(Data records)
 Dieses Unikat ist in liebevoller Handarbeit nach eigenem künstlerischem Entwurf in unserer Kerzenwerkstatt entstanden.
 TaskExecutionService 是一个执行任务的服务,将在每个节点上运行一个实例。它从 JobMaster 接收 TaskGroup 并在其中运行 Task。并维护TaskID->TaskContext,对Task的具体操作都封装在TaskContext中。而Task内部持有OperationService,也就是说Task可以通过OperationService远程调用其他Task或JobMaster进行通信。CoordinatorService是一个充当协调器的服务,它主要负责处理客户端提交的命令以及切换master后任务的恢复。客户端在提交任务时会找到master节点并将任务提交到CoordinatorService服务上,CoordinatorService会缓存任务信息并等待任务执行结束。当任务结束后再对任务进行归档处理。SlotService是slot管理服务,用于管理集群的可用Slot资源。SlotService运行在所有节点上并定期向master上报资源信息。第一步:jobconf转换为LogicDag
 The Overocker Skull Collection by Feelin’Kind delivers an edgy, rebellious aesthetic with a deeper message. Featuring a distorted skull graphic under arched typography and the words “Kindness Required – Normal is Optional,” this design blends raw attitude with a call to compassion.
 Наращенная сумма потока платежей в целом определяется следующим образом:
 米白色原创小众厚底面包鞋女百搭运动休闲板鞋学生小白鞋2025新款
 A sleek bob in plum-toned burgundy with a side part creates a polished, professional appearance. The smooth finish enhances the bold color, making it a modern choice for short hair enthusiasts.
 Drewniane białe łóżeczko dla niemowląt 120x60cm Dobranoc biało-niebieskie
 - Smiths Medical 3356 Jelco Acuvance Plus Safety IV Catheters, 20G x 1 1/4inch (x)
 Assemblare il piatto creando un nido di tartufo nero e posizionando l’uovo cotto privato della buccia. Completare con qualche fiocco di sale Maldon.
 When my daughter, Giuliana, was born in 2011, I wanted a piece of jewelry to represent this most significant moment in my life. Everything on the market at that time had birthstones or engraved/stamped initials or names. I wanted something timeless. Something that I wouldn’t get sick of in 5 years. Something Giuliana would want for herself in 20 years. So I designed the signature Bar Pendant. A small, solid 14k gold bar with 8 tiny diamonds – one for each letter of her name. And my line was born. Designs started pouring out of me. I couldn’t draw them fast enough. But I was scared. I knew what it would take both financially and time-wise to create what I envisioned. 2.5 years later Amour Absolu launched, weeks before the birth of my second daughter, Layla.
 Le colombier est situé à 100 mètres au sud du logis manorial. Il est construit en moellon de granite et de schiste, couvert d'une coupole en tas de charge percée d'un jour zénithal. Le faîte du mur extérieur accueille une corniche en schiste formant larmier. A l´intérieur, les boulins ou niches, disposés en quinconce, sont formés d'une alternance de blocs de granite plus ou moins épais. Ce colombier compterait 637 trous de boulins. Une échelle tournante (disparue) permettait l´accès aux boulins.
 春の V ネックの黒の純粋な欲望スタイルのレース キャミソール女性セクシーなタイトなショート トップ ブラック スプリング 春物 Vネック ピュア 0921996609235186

• _Action item_: Return, with no change at all, every line in the entries above from the line containing "TaskExecutionService 是一个执行任务的服务,将在每个节点上运行一个实例。它从 JobMaster" through the line containing "Assemblare il piatto".

• _Response to this task_:
 TaskExecutionService 是一个执行任务的服务,将在每个节点上运行一个实例。它从 JobMaster 接收 TaskGroup 并在其中运行 Task。并维护TaskID->TaskContext,对Task的具体操作都封装在TaskContext中。而Task内部持有OperationService,也就是说Task可以通过OperationService远程调用其他Task或JobMaster进行通信。CoordinatorService是一个充当协调器的服务,它主要负责处理客户端提交的命令以及切换master后任务的恢复。客户端在提交任务时会找到master节点并将任务提交到CoordinatorService服务上,CoordinatorService会缓存任务信息并等待任务执行结束。当任务结束后再对任务进行归档处理。SlotService是slot管理服务,用于管理集群的可用Slot资源。SlotService运行在所有节点上并定期向master上报资源信息。第一步:jobconf转换为LogicDag
 The Overocker Skull Collection by Feelin’Kind delivers an edgy, rebellious aesthetic with a deeper message. Featuring a distorted skull graphic under arched typography and the words “Kindness Required – Normal is Optional,” this design blends raw attitude with a call to compassion.
 Наращенная сумма потока платежей в целом определяется следующим образом:
 米白色原创小众厚底面包鞋女百搭运动休闲板鞋学生小白鞋2025新款
 A sleek bob in plum-toned burgundy with a side part creates a polished, professional appearance. The smooth finish enhances the bold color, making it a modern choice for short hair enthusiasts.
 Drewniane białe łóżeczko dla niemowląt 120x60cm Dobranoc biało-niebieskie
 - Smiths Medical 3356 Jelco Acuvance Plus Safety IV Catheters, 20G x 1 1/4inch (x)
 Assemblare il piatto creando un nido di tartufo nero e posizionando l’uovo cotto privato della buccia. Completare con qualche fiocco di sale Maldon.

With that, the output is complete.